## WHAT YOU SHOULD DO
In the copy, include every entry exactly but none of its images.

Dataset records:
........
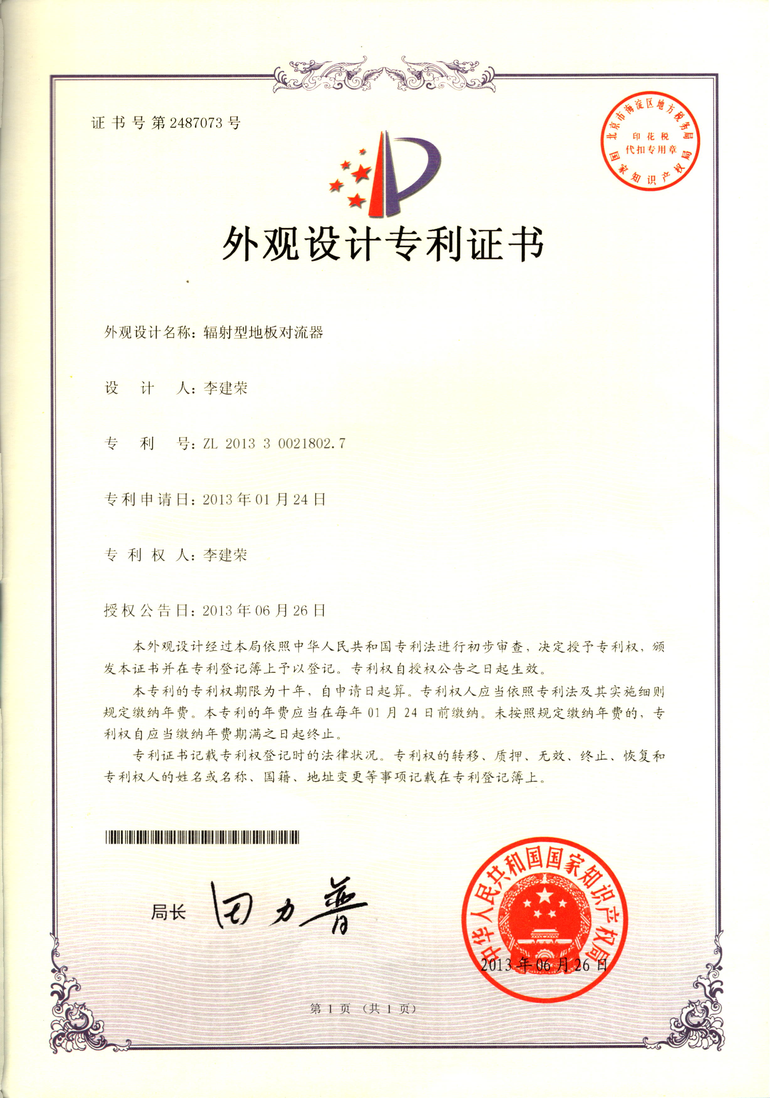 外觀設(shè)計專利證書--輻射型地板對...
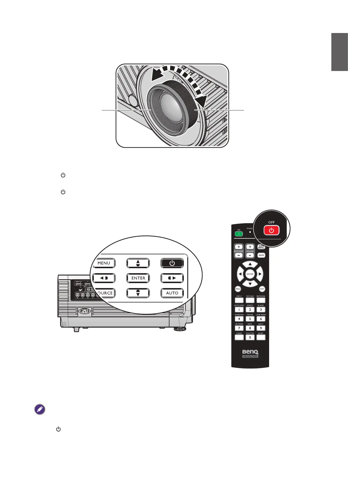 • Press POWER or ON again to start the projector after the POWER indicator light turns orange.
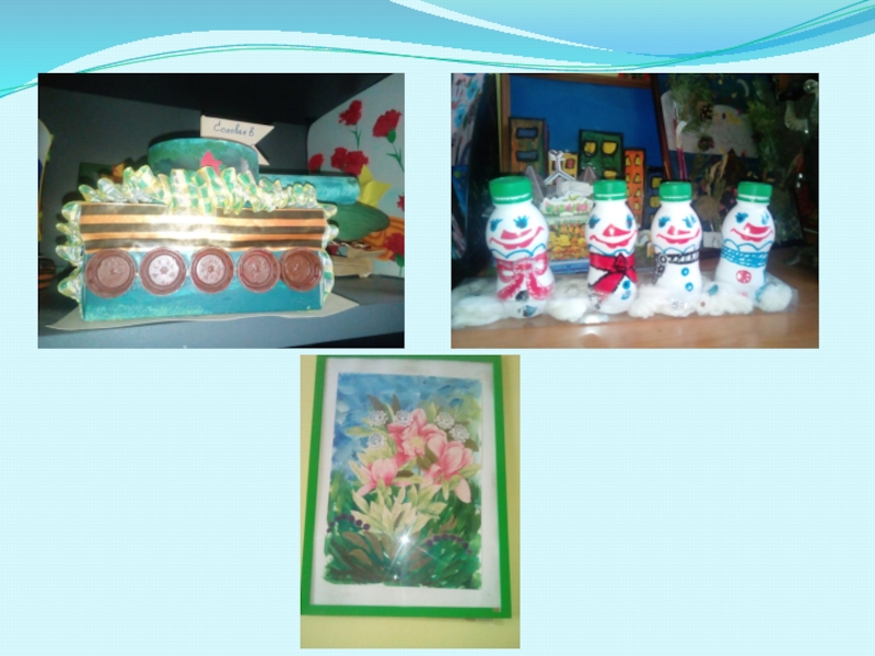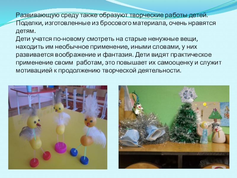 Слайд 7Развивающую среду также образуют творческие работы детей. Поделки, изготовленные из бросового
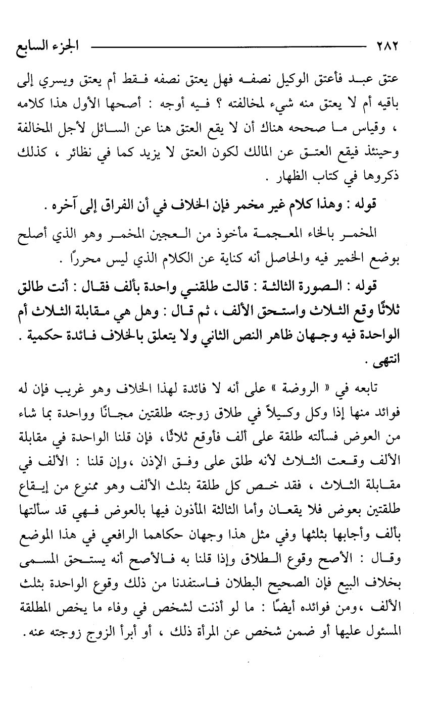 تابعه في "الروضة" على أنه لا فائدة لهذا الخلاف وهو غريب فإن له فوائد منها إذا وكل وكيلًا في طلاق زوجته طلقتين مجانًا وواحدة بما شاء من العوض فسألته طلقة على ألف فأوقع ثلاثًا، فإن قلنا الواحدة في مقابلة الألف وقعت الثلاث لأنه طلق على وفق الإذن، وإن قلنا: الألف في مقابلة الثلاث، فقد خص كل طلقة بثلث الألف وهو ممنوع من إيقاع طلقتين بعوض فلا يقعان وأما الثالثة المأذون فيها بالعوض فهي قد سألتها بألف وأجابها بثلثها وفي مثل هذا وجهان حكاهما الرافعي في هذا الموضع وقال: الأصح وقوع الطلاق وإذا قلنا به فالأصح أنه يستحق المسمى بخلاف البيع فإن الصحيح البطلان فاستفدنا من ذلك وقوع الواحدة بثلث الألف، ومن فوائده أيضًا: ما لو أذنت لشخص في وفاء ما يخص المطلقة المسئول عليها أو ضمن شخص عن المرأة ذلك، أو أبرأ الزوج زوجته عنه.
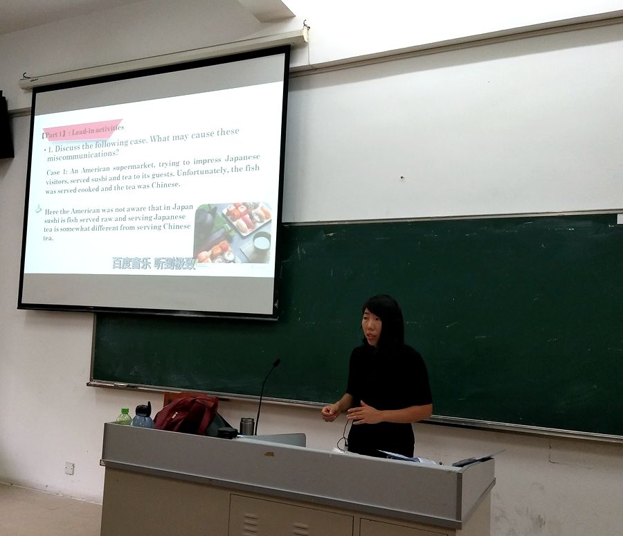 本次研讨课主讲老师为张哲老师,主要内容为第2单元Text II The Business Context in Inter-cultural Communication。在进入课程主题前,由一名学生用约10分钟的时间对课前收集的关于不同文化沟通交流的资料进行讲解,然后通过问题互动的方式引出本次课程主题。张老师把课文理解分解为三个任务,引导学生以小组讨论的方式对课文进行层层深入的剖析,遇到重点难点教师再进行深入的讲解,帮助学生建构知识网络。课件制作用心,条理清晰,师生互动较多,教学效果良好。
........
## WRITTEN SOLUTION
 外觀設(shè)計專利證書--輻射型地板對...
 • Press POWER or ON again to start the projector after the POWER indicator light turns orange.
 Слайд 7Развивающую среду также образуют творческие работы детей. Поделки, изготовленные из бросового
 تابعه في "الروضة" على أنه لا فائدة لهذا الخلاف وهو غريب فإن له فوائد منها إذا وكل وكيلًا في طلاق زوجته طلقتين مجانًا وواحدة بما شاء من العوض فسألته طلقة على ألف فأوقع ثلاثًا، فإن قلنا الواحدة في مقابلة الألف وقعت الثلاث لأنه طلق على وفق الإذن، وإن قلنا: الألف في مقابلة الثلاث، فقد خص كل طلقة بثلث الألف وهو ممنوع من إيقاع طلقتين بعوض فلا يقعان وأما الثالثة المأذون فيها بالعوض فهي قد سألتها بألف وأجابها بثلثها وفي مثل هذا وجهان حكاهما الرافعي في هذا الموضع وقال: الأصح وقوع الطلاق وإذا قلنا به فالأصح أنه يستحق المسمى بخلاف البيع فإن الصحيح البطلان فاستفدنا من ذلك وقوع الواحدة بثلث الألف، ومن فوائده أيضًا: ما لو أذنت لشخص في وفاء ما يخص المطلقة المسئول عليها أو ضمن شخص عن المرأة ذلك، أو أبرأ الزوج زوجته عنه.
 本次研讨课主讲老师为张哲老师,主要内容为第2单元Text II The Business Context in Inter-cultural Communication。在进入课程主题前,由一名学生用约10分钟的时间对课前收集的关于不同文化沟通交流的资料进行讲解,然后通过问题互动的方式引出本次课程主题。张老师把课文理解分解为三个任务,引导学生以小组讨论的方式对课文进行层层深入的剖析,遇到重点难点教师再进行深入的讲解,帮助学生建构知识网络。课件制作用心,条理清晰,师生互动较多,教学效果良好。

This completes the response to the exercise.